As we have demonstrated that down-regulated Acan-RPS-30 in A. cantonensis L5 could resist oxidative stress damage through inhibiting worm apoptosis , and oxidative stress is thought to be one of the major factors that promote apoptosis , we next determined whether Acan-Gal-1 increased oxidative stress tolerance via inhibiting worm apoptosis. Then, the expression levels of apoptosis genes were detected in C. elegans. The results showed that all the apoptosis genes were not significantly changed in lec-1 mutant worms expressing pCe-lec-1::Acan-gal-1::rfp, compared with those in lec-1 mutant worms expressing pCe-lec-1::rfp (Fig. 7b). Furthermore, oxidative stress assays were performed to detect the effects of expressing Acan-Gal-1 on the oxidative stress damage in ced-3 mutant worms (ced-3 is the core apoptosis executive genes ). The results showed that the incidence of rapid death among ced-3 mutant worms expressing pCe-lec-1::Acan-gal-1::rfp was significantly lower than that among that among the ced-3 mutant worms (Fig. 7c; Additional file 2: Table S2). And ced-3 mutant worms, with lec-1 RNAi, exhibited greatly more susceptibility to oxidative stress than ced-3 mutant worms (Fig. 7d; Additional file 2: Table S2). This might indicate that Acan-Gal-1 could not regulate worm cell apoptosis intracellularly, and the oxidative stress resistance function of Acan-Gal-1 was not via regulating apoptosis in C. elegans.

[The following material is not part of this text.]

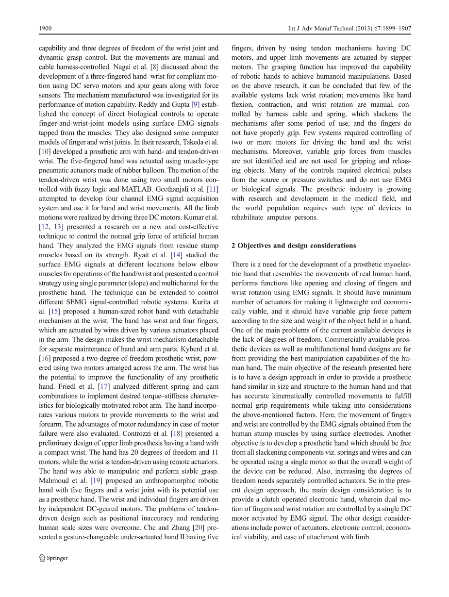 这是一个人工电方面类似于人的手的动作发展的需要,就像开手指和手腕的转动采用肌电信号关闭功能。它应该使用更轻、经济上可行的最低数量的驱动器,它应该根据大小和抓在手上的物体重量变握力模式。目前可用的设备的主要问题之一是缺乏自由度。市售的人工假体装置以及多功能方面的设计是提供人的手最好的操纵能力。这里主要提出的研究的目的是为了提供一个与假手相似的大小和结构,人手的一个设计的方法,具有精确的运动控制的运动履行正常的控制要求的同时,考虑上述因素的影响。在这里,手指和手腕的运动控制由使用表面电极从人的残端肌肉获得的肌电信号。另一个目的是开发一个假手应无松动部件。弹簧和电线,可以使用一个单一的电机,使设备的整体重量可以减少。此外,增加的自由度需要分别控制执行器。所以在 现阶段的设计方法,设计主要考虑的是提供一个离合器操作的电子手,其中双运动手指和手腕的转动是由一个单一的直流电机通过肌电信号激活控制。其他设计考虑,包括功率驱动器、电子控制、经济活力,以及附着肢体放松。

Functional role of Acan-Gal-1 in lipid storage
Morphological changes were further detected under a light microscope, and we found the level of lipid storage in lec-1 mutant worms expressing pCe-lec-1::Acan-gal-1::rfp was lower than that in lec-1 mutant worms expressing pCe-lec-1::rfp (Fig. 6d, g). Then, Oil Red O fat staining was performed to detect the lipid storage in worms. The results showed that lec-1 mutant worms stored significantly more lipid than N2 worms, and this lipid accumulation phenotype could be rescued by expressing pCe-lec-1::Acan-gal-1::rfp in lec-1 mutant worms. The N2 worms, expressing pCe-lec-1::Acan-gal-1::rfp exhibited greatly less lipid storage than the N2 worms expressing pCe-lec-1::rfp (Fig. 8a, b; Additional file 2: Table S2). This might suggest the function of Acan-Gal-1 in reducing lipid deposition in C. elegans.
Fatty-acid metabolism is involved in the oxidative stress resistance in C. elegans [47, 48]. Therefore, we next investigated whether Acan-Gal-1 increased oxidative stress tolerance via reducing lipid deposition in C. elegans. fat-6;fat-7 double-mutant worm was selected. Because fat-6 and fat-7 genes encode stearoyl-CoA desaturases (SCDs), that are key lipogenic enzymes, and the fat-6;fat-7 double-mutant worms have decreased fat stores . Then, oxidative stress assays were performed to determine the effects of expressing Acan-Gal-1 on the oxidative stress damage in fat-6; fat-7 double-mutant worms. The results showed that the incidence of rapid death was not significantly changed among fat-6;fat-7 double-mutant worms expressing pCe-lec-1::Acan-gal-1::rfp, compared with that among fat-6;fat-7 double-mutant worms expressing pCe-lec-1::rfp (Fig. 8c). And the susceptibility to oxidative stress was not influenced by lec-1RNAi in fat-6;fat-7 double-mutant worms (Fig. 8c). This might suggest the regulating role of Acan-Gal-1in increasing oxidative stress tolerance was played via reducing lipid deposition in C. elegans.